'World Cup will be safe', says South Africa after Terreblanche murder
Tuesday 06 April 2010
South African politicians put a lid on their racial invective yesterday amid fears that the image of the World Cup – due to begin in 65 days – could be affected by fallout from the murder of the white extremist Eugene Terreblanche.
Mr Terreblanche will be buried on his farm in Ventersdorp, near Pretoria, on Friday. The 69-year-old founder of the Afrikaner Resistance Movement was bludgeoned to death in his house last Saturday. Two farmworkers, aged 15 and 21, are due to appear in court today on murder charges.
The AWB retracted its claim that it would avenge Mr Terreblanche's killing. "No member of our organisation will engage in acts of violence," said spokesman Pieter Steyn. On Sunday the party's general-secretary, Andre Visagie, had referred to the killing as a "declaration of war" by black South Africans against whites and had cautioned foreign football teams against travelling to the country, which records 50 murders a day. The Police Minister, Nathi Mthethwa, visited the crime scene and insisted the World Cup would be safe. "With the plans we've put in place, we've got a tough stand in the fight against crime," he said.
But despite the placatory moves, the ANC mounted a robust defence of its youth leader, Julius Malema, whose recent renditions of a struggle song including the refrain "Kill the Boer" have been blamed for creating a climate propitious to anti-white sentiment. ANC spokesman, Jackson Mthembu, said: "The continued linkage of the singing of the song by Comrade Malema to the killing of Mr Terreblanche is meant to fuel racial polarisation. It is a lie which is part of a concerted campaign against Comrade Malema by certain organisations in our society."
Mr Malema spent the weekend addressing rallies in Zimbabwe and was received yesterday by President Robert Mugabe. On the Harare trip, Mr Malema said: "The death of Mr Terreblanche has got nothing to do with the song.

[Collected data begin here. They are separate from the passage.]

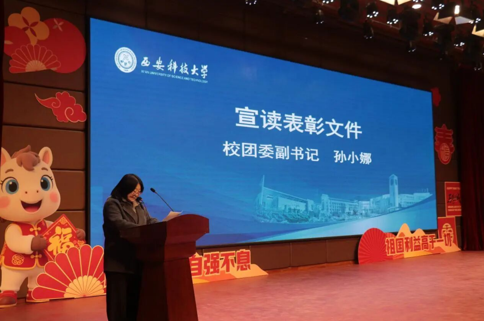 1月6日下午,学校在临潼校区骊山校园煤炭科技中心一楼报告厅举行2026年寒假“优秀学子回访母校”专项社会实践活动启动仪式暨2025年总结表彰大会。副校长程卫星出席活动并讲话,校团委书记高欣、教务处处长赵兵朝、校团委副书记孙小娜,获奖学院分团委负责人及各学院600余名回访母校学生代表参加活动,活动由教务处副处长兼招生办公室负责人李鹏主持。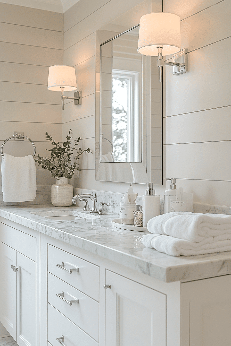A fresh, white-forward palette transforms a beach house bathroom into a crisp and calming retreat. Smooth surfaces bounce light around the room, enhancing the sense of space. Gentle metallic finishes and soft fabrics add a polished yet relaxed touch. The simplicity keeps everything clean and breathable. Small coastal accents complete the look beautifully. Recreate this bright, refreshing vibe and enjoy the difference instantly.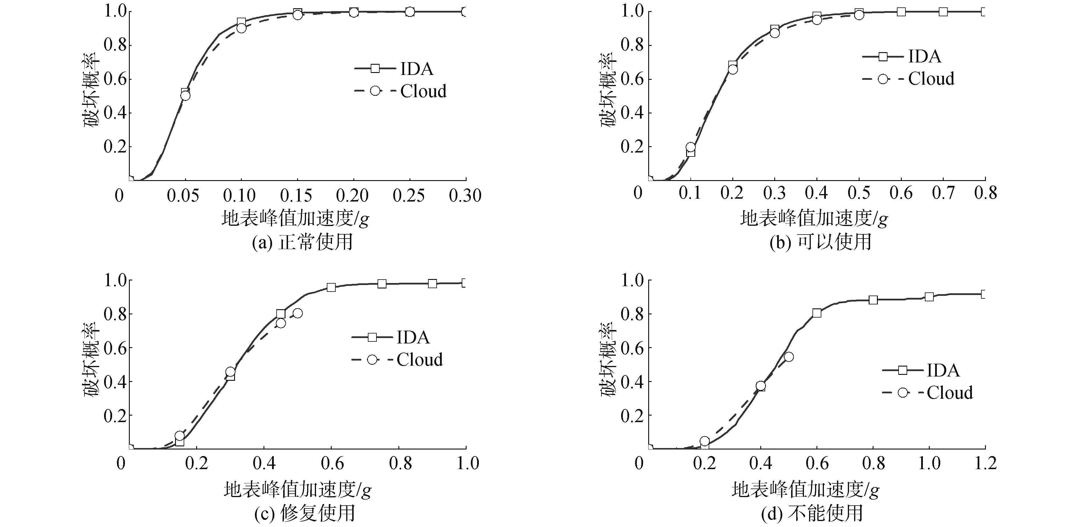 $$ \ln (\text { IDR })=1.06 \ln (\text { PGA })+0.6 $$ (5) 如图 6所示, 图中黑色散点为基于IDA方法计算结果, 红色散点为基于云图法计算结果, 所对应的黑实线与红实线分别为基于IDA方法与云图法的数据回归所得。由图 6可以发现, 黑色实线与红色实线具有很高的重合度, 这说明基于IDA方法与云图法所得到的$\hat{\theta}_{\mathrm{IDR}}-I_{\mathrm{PGA}}$对数线性回归模型基本一致。此外, 基于IDA方法所得到的$\hat{\theta}_{\mathrm{IDR}}$标准差为0.35, 而基于云图法所得到的$\hat{\theta}_{\mathrm{IDR}}$标准差为0.49, 这说明基于2种方法所得到的$\hat{\theta}_{\mathrm{IDR}}$离散性具有一定的差异性。进一步观察图 6可以发现, 基于云图法所得到的红色散点相当数量分布于地震动强度相对较小的区域, 而在高强度地震动坐标仅有少数样本数据, 相比于云图法, IDA方法所得到的数据样本分布则相对均匀。这主要归因于2种方法基于不同地震记录输人的结果, 后续地震易损性曲线的对比研究将对该问题作进一步阐述。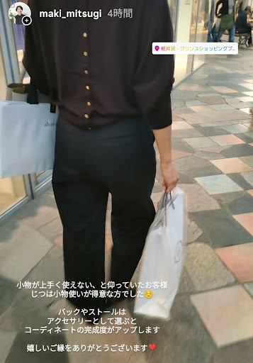 お化粧お見立てのショッピング同行では、軽井沢で購入されたバックとストールを身につけてきてくださいました。
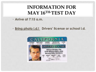 This document provides information and tips for students taking the May 16th AP World History exam. It outlines what to bring on exam day, when to arrive, and instructions during the exam. The exam will be 3 hours and 5 minutes long and consist of a 55 minute multiple choice section followed by essay writing. The document emphasizes time management and targeting points by fully answering the prompts in the essays.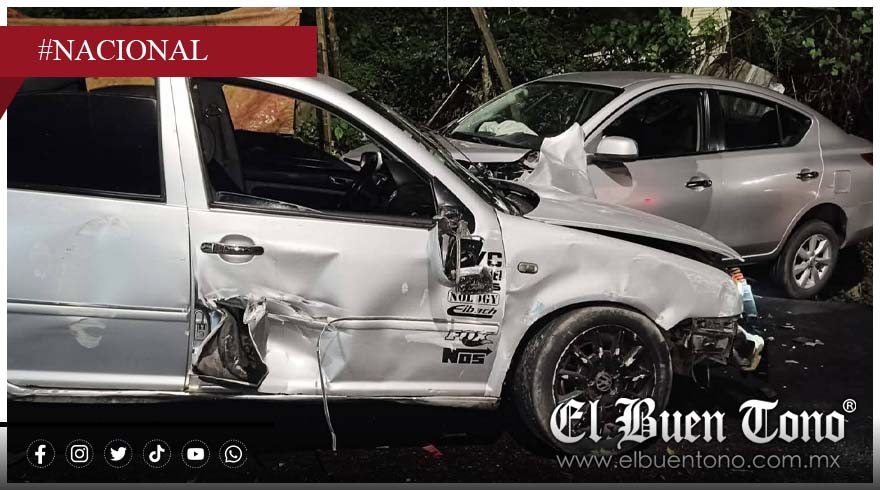 El accidente ocurrió antes del ascenso conocido como “El Piojo”, un tramo carretero identificado como punto de riesgo debido a sus curvas pronunciadas y visibilidad reducida. En el percance se vieron involucrados un Nissan Versa y un Volkswagen Jetta, ambos con daños materiales considerables tras el fuerte impacto frontal.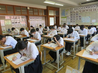3年生は後期の定期テストはありませんので、全体で受ける中学校でのテストもこれが最後です。次のテストは高校入試になります。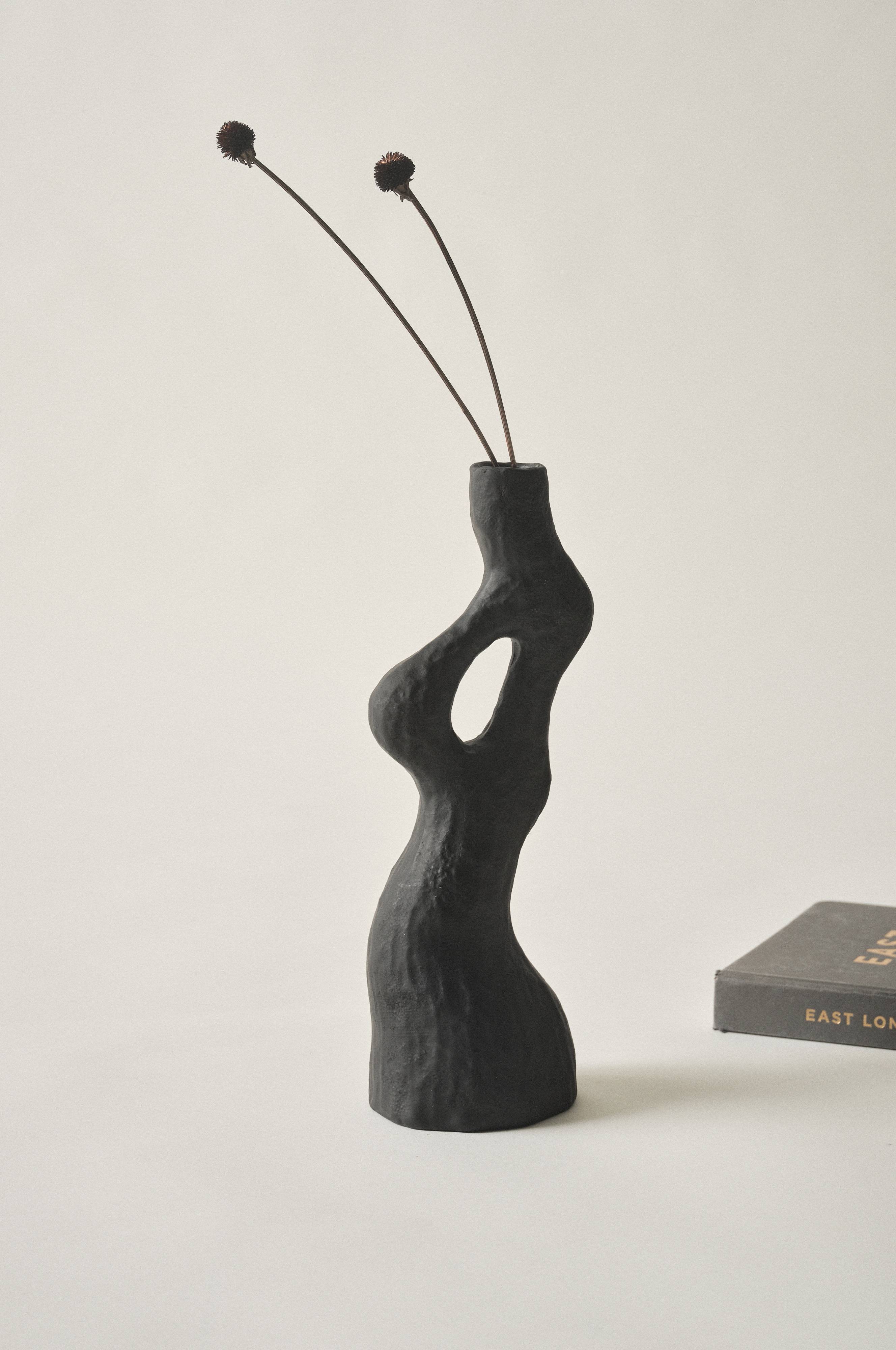 Dekoracyjny wazon z żywicy epoksydowej o gibkim i falistym kształcie, który przywodzi na myśl świat natury. Wazon jest duży i odważny, a dzięki intrygującej formie pięknie prezentuje się tak ozdobiony gałązką jak i bez dekoracji.

We know who Mr Terreblanche was, his character and how he related with his workers. So the police must investigate and look for the person who killed him.''
A small crowd of mourners gathered at Mr Terreblanche's farm yesterday. Some laid flowers taped to newspaper cuttings about the murder in Afrikaans, and a low-level government delegation visited the family.
A television interview with the mother of the 15-year-old murder suspect supported earlier claims by the police that the killing was prompted by a pay dispute.